H.M-Docteur en Sciences Chimie Physique de l’Université Pierre et Marie Curie en 1986.
Docteur d’État en 1995, MC et PES à l’Université Hassan II de Aïn Chok Casablanca.
Responsable de l’équipe I3MP du Laboratoire LIME.
Responsable coordinateur : de conventions CNRST/CNRS (2003, 2004 et 2005), projet PCSI de l’AUF (2011 et 2012). Enseignant-Chercheur associé à l’Université de Rouen : PA: 1983 -1986, MC: 1993 – 1996 et PES: 2000, 2002 et 2004.
Missions de recherches au Laboratoire PBS du CNRS de la Faculté des Sciences de Rouen (2010 – 2012).
Direction des Travaux de recherches (CEA, DESA et Master).
Directeur et encadrant : trois thèses soutenues, deux thèses en phase de rédaction (une en co-tutelle et l’autre en co-direction avec l’Université de Rouen, boursiers du CNRST) et quatre thèses en préparation.
Rapporteur dans des Journaux internationaux (Sep and Puri Techno., Desalination, DWT, J. Hazardous Marerials, J. Env.

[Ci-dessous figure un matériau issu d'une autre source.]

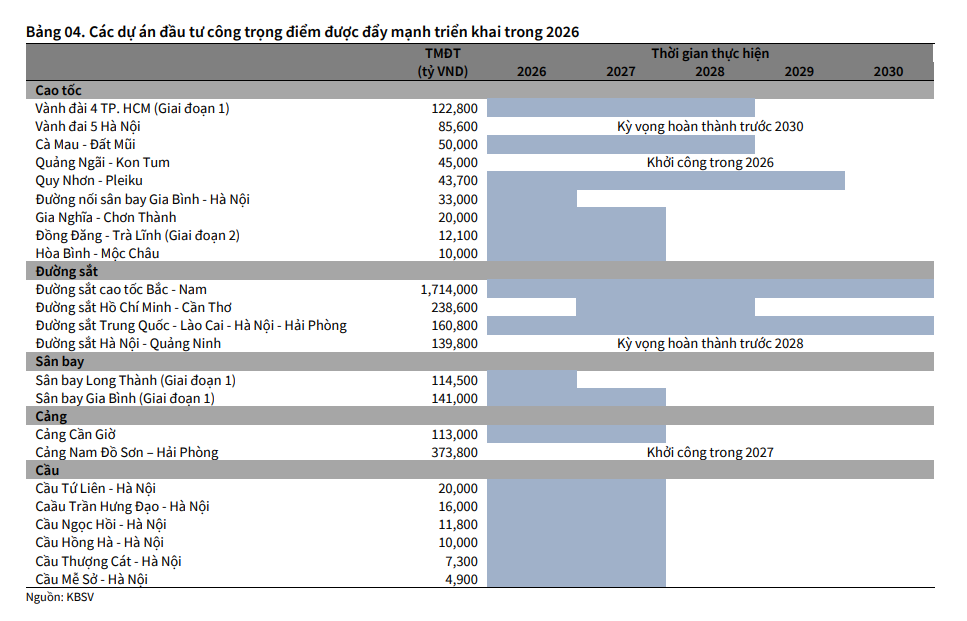 Không chỉ dừng ở năm 2026, kế hoạch đầu tư công giai đoạn 2026 - 2030 được Bộ Tài chính công bố với tổng quy mô lên tới 8,5 triệu tỷ đồng, tương đương bình quân khoảng 1,7 triệu tỷ đồng mỗi năm. Quy mô vốn này được đánh giá là “chất xúc tác” quan trọng giúp nâng cao nội lực nền kinh tế, đồng thời tạo chu kỳ tăng trưởng bền vững hơn cho các ngành sản xuất vật liệu cơ bản.
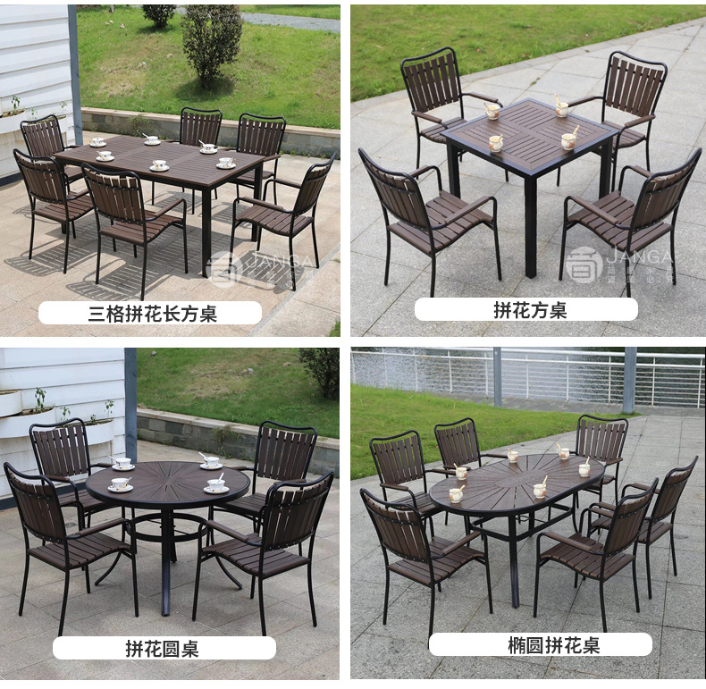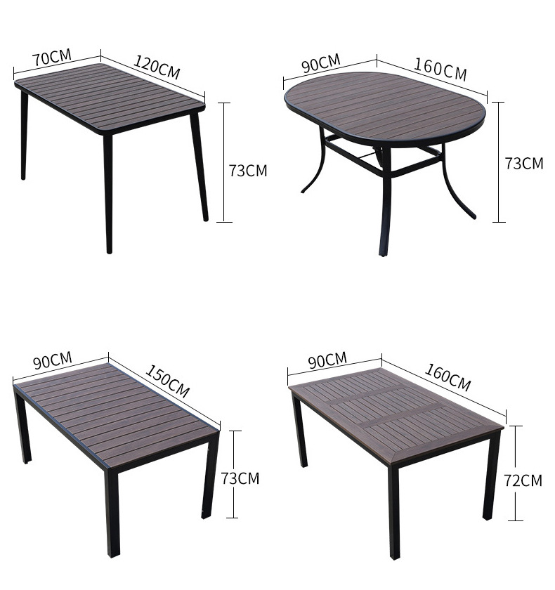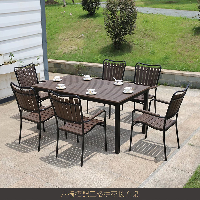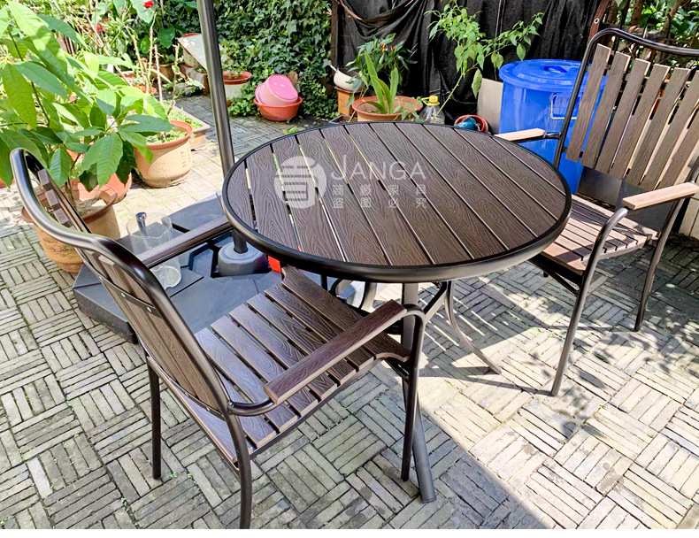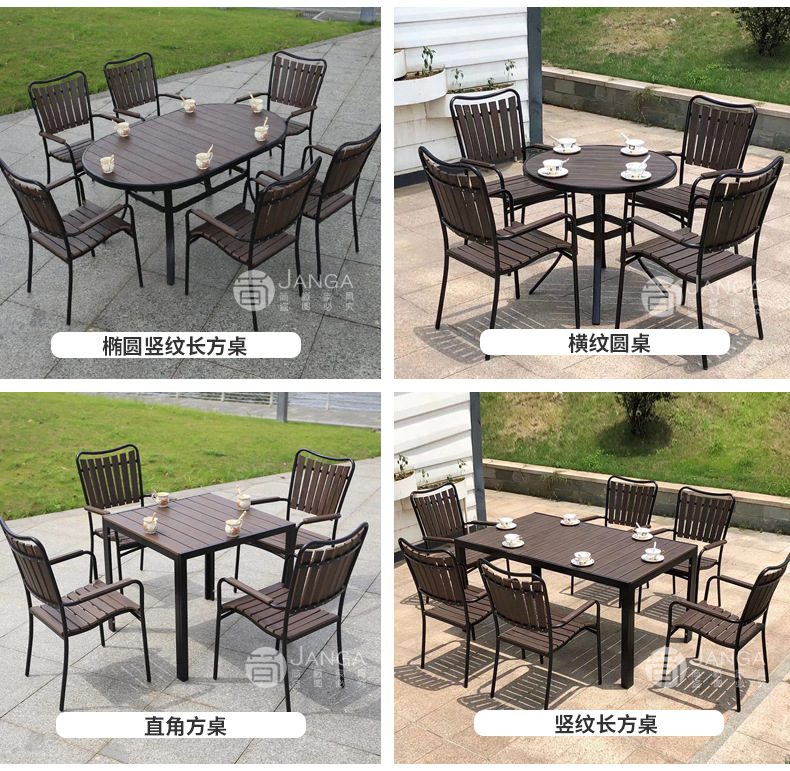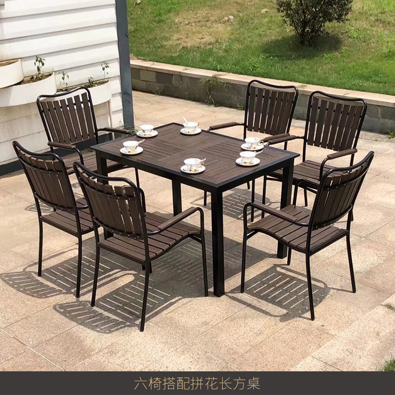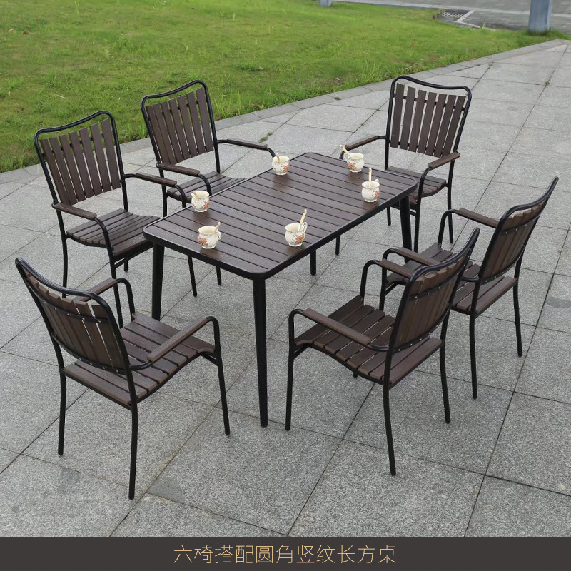야외 가구 야외 테라스 간단한 캐주얼 플라스틱 나무 테이블과 의자 호텔 안뜰 카페 우유 차 가게 식탁 식당 의자

Chem. Eng…).
Auteurs d’environ une centaine d’articles et communications, dans des Journaux indexés (F.I. élévé) et Manifestations Internationales (Comité de lecture), un brevet soumis.

BM-Quel a été précisément votre rôle dans ce projet PCSI ?

H.M-J’étais coordinateur des trois équipes qui participaient à ce projet PCSI financé par l’AUF, et responsable de l’équipe Interaction Matière-Matière Procédés Membranaires (I3MP) du Laboratoire LIME de la Faculté des Sciences Aïn Chock de l’Université Hassan II Casablanca. Dans un premier temps j’avais contacté les équipes française et mauritanienne pour avoir leur accord de participation. J’ai par la suite effectué toutes les démarches nécessaires pour rédiger et remplir le formulaire correspondant à ce type de projet et le soumettre à la commission des experts de l’AUF. Après accord favorable de cette commission, un contrat établi par le responsable de l’AUF a été signé par, le président de l’Université Hassan II Aïn Chock Casablanca, le responsable de l’AUF et moi-même et les travaux prévus dans le cadre de ce projet ont démarré. Mon rôle a consisté à superviser et à coordonner les travaux scientifiques des trois équipes, à analyser les résultats obtenus avec les autres co-responsables. J’ai aussi veillé, tout au long de la période de recherche, à ce que les travaux ne s’éloignent pas des objectifs fixés pour la réalisation de ce projet. D’autre part, j’étais responsable de l’organisation et de la gestion financière des stages, des missions et des déplacements des doctorants et des missionnaires qui participaient aux travaux réalisés dans le cadre de ce projet. Enfin, en tant que coordinateur, j’ai été chargé de dresser les bilans (administratif et scientifique), le premier à mi-parcours fin 2011 et le second final fin 2012, qui ont été transmis aux responsables de l’AUF.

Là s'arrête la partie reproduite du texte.